Recently , I’m mainly watching something related to knowledge , including reviewing some knowledge representation models, and how some large-scale language models can be icing on the cake to integrate external knowledge methods. If you are interested, you can go directly to the previous articles. take a peek. Today, I will use knowledge as the starting point to analyze more in-depth the pre-training models that have been popular recently.

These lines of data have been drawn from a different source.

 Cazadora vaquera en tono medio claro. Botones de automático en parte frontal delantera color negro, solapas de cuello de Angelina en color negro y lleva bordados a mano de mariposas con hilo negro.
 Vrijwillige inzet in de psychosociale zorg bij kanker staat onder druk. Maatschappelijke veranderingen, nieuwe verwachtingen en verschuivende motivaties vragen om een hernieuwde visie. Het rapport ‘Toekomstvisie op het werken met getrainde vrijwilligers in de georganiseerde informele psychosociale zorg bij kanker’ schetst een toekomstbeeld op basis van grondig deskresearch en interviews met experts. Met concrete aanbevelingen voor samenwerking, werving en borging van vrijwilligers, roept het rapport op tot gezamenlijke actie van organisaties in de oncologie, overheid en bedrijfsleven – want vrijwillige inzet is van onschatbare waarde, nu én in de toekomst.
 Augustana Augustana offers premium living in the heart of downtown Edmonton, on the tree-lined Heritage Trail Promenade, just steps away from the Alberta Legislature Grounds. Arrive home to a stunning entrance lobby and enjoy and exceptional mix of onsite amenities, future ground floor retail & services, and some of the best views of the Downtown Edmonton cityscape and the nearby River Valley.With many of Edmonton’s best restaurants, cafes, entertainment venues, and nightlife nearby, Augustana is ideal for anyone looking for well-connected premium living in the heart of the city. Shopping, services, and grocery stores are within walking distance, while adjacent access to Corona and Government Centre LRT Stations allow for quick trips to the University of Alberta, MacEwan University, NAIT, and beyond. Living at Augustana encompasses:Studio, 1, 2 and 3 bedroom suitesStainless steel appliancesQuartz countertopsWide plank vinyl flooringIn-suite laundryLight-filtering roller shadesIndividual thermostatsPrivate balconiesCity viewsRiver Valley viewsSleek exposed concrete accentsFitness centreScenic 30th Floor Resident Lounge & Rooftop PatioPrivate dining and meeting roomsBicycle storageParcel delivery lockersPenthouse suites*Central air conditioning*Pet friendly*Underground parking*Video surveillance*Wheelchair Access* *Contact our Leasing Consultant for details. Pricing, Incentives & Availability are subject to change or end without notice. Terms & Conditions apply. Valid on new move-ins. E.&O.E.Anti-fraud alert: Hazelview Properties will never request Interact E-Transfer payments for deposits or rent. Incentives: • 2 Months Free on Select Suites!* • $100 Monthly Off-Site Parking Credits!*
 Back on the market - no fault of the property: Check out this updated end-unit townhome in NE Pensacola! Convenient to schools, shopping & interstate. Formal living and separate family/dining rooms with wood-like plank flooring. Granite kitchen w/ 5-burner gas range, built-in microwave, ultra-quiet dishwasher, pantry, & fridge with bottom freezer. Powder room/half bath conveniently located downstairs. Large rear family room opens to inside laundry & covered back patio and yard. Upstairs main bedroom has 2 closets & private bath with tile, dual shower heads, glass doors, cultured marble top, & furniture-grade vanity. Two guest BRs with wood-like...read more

√ Language Models as Knowledge Bases?

√ Linguistic Knowledge and Transferability of Contextual Representations.

√ What does BERT learn about the structure of language?

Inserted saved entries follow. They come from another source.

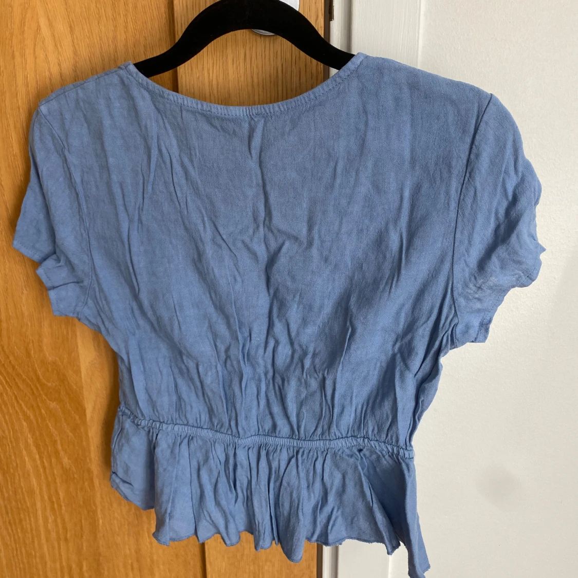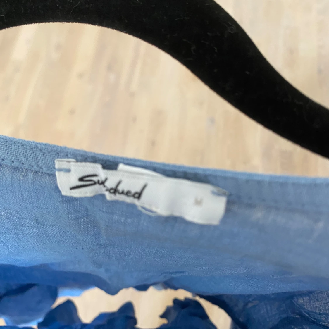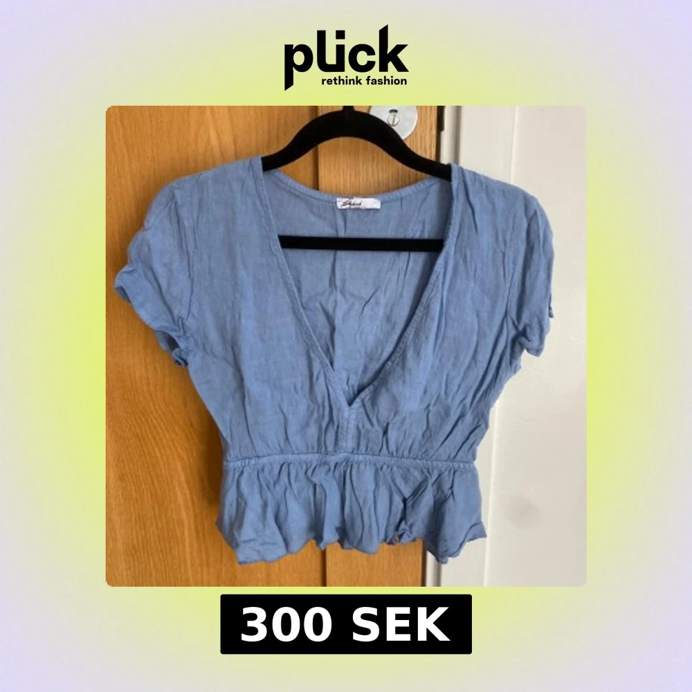 Säljer en ljusblå croppad linnetopp från Subdued med korta puffärmar och djup v-ringning. Toppen har volang nedtill och resår i midjan för en snygg passform. Perfekt för varma dagar!
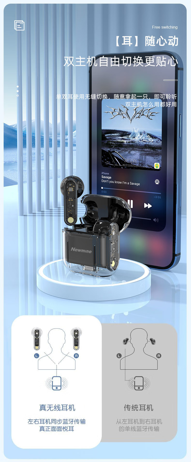 Newmine/纽曼透明降噪无线蓝牙耳机LY11
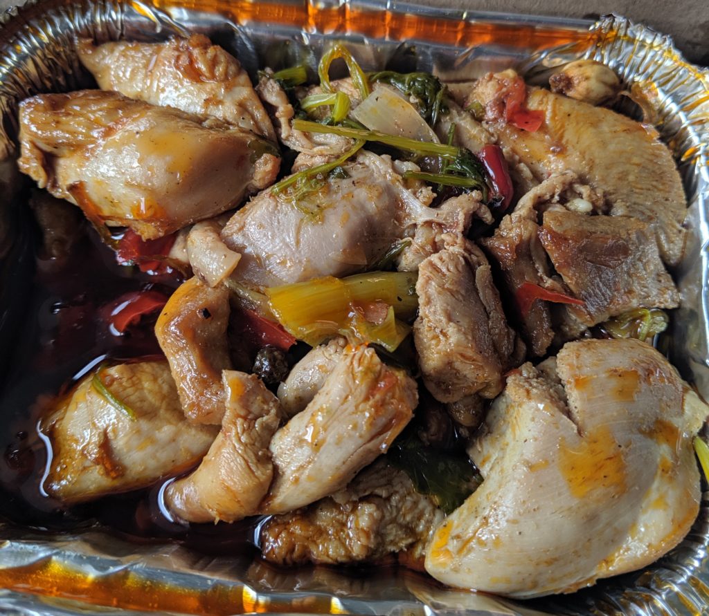 The first thing to notice is the little aluminum trays that these come in. All of it is packed neatly into a pizza box and handed to you for easy carryout (we’re not sure if it’s still in a box if you dine in). Packaging-wise this is super helpful if you end up not finishing all of your food in one sitting. No need to look for Tupperware, you’re covered. Just don’t put it in the microwave. In the above image, the Spicy Hop Chicken is the bottom right, which I decided to start with and then work my way up to the 3-pepper Szechuan Minced Chicken.
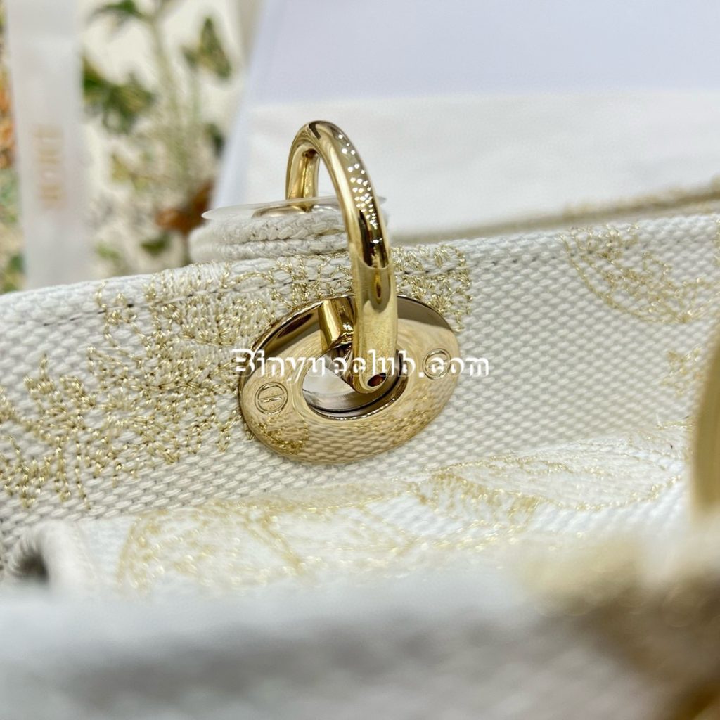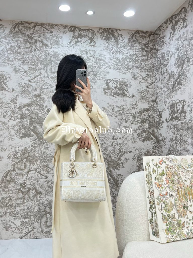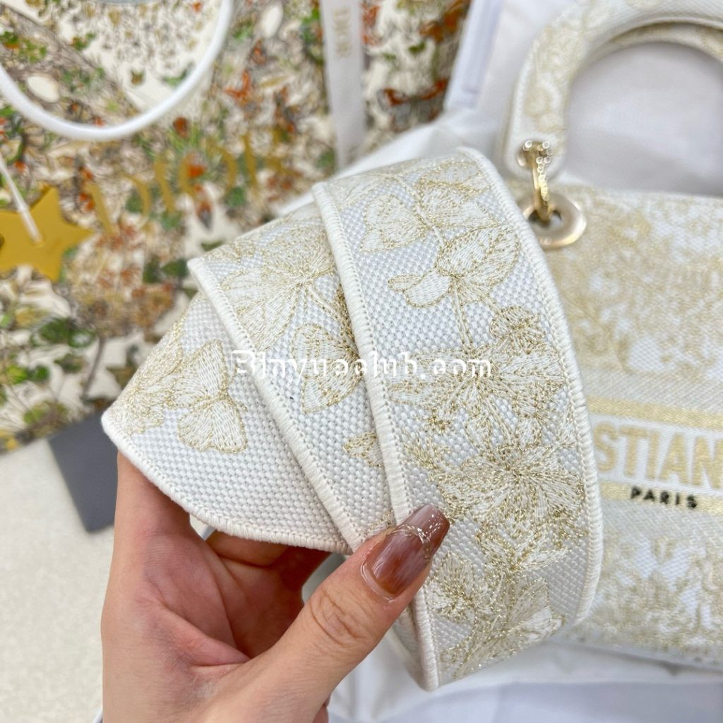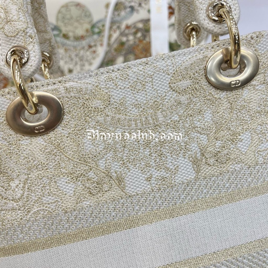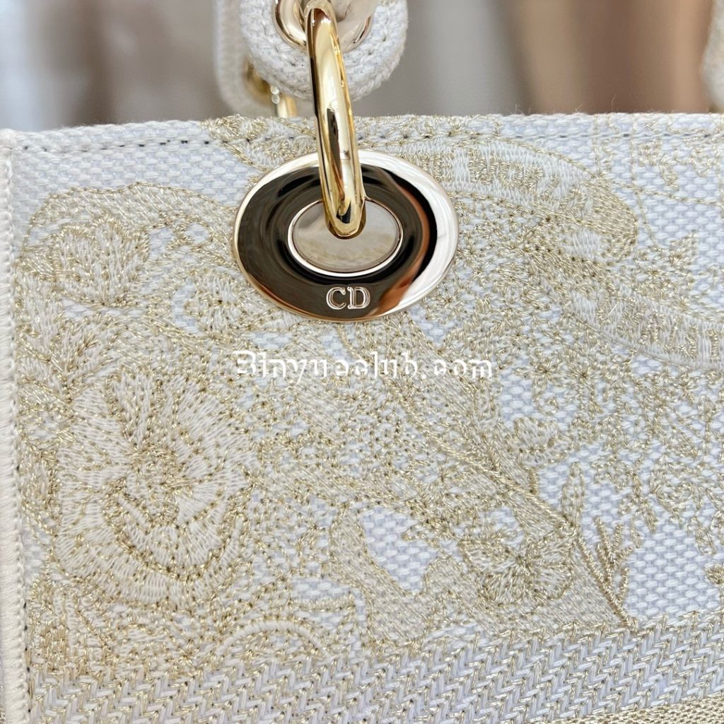 The fabric used in this Princess Diana-inspired bag is truly unique. It’s a shimmering and luxurious platinum shade that exudes warmth and richness. The warm, creamy white color beautifully complements the intricate gold thread embroidery, creating a perfect Christmas atmosphere.

There are many interesting researches, you can go to the PLMpapers warehouse compiled by Tsinghua University to find them.

1、Language Models as Knowledge Bases?(EMNLP2019)

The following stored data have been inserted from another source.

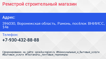 Ремстрой, строительный магазин по адресу 396030, Воронежская область, Рамонь, посёлок ВНИИСС, 14в в дальнейшем Организация, размещена в следующих категориях:
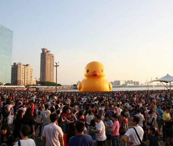 小黃鴨在高雄港展出,不到一個星期已經有40萬人前往參觀。(圖片來自臺媒)
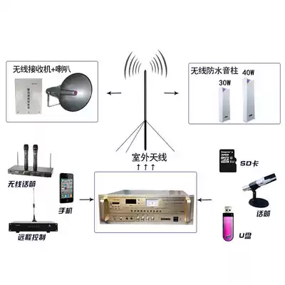 Wireless transmitter (including antenna) Wireless Receiver (50W) Wireless Receiver (100W) wireless sound column (30W) wireless sound column (40W) remote controller (optional)
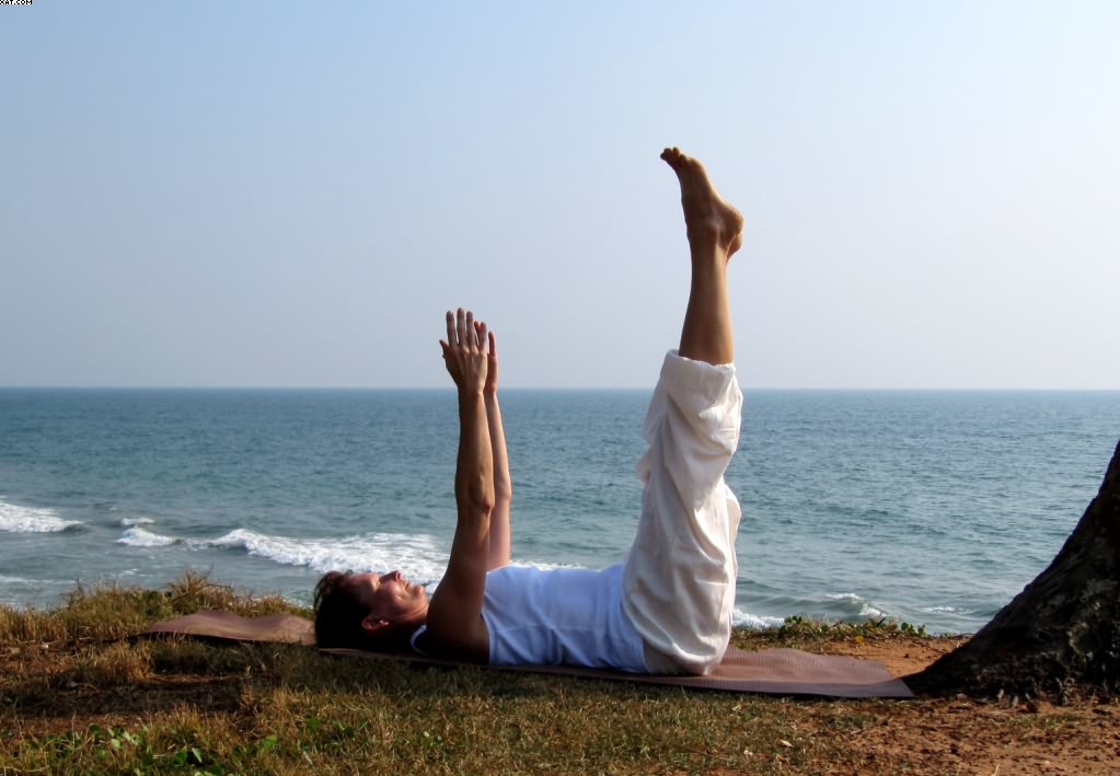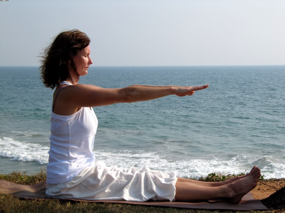 Atme tief durch den Mund ein und vollständig durch die Nase aus. Verlangsame deine Atmung soweit, daß du nur noch 3 mal pro Minute atmest. Halte die Arme durchgedrückt und die Achseln gestreckt.
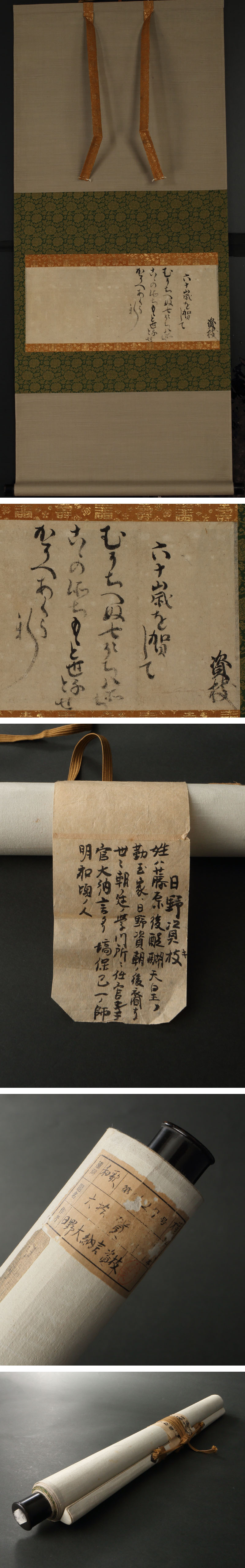 【深和】日野資枝 和歌詠草軸装「六十歳を賀して」真筆(公家 公卿 書家 堂上歌人 国文学 掛軸 書幅 京都) 收藏

Can a language model be regarded as a kind of knowledge base?

The knowledge base is an effective solution for formatted knowledge storage and application. In the actual construction or expansion of the knowledge base, we will use a series of complex NLP technologies, such as entity extraction, reference resolution, entity linking and relationship extraction, and so on. These pipeline components will inevitably require monitoring data (everyone knows how difficult it is to label data in NLP), and this process is prone to error propagation . On the contrary, the language model is fed with a large amount of data (unsupervised) in the pretrain stage, from which effective relational knowledge can be learned, and the [MASK] operation like BERT can focus more on extracting relational knowledge similar to the knowledge base .

image

Therefore, the author compares the knowledge base obtained by the pre-training language model with the traditional relation extraction method to explore the extent to which the pre-training model stores facts and common sense knowledge. There are:

  • How much relational knowledge is stored in the pre-trained language model?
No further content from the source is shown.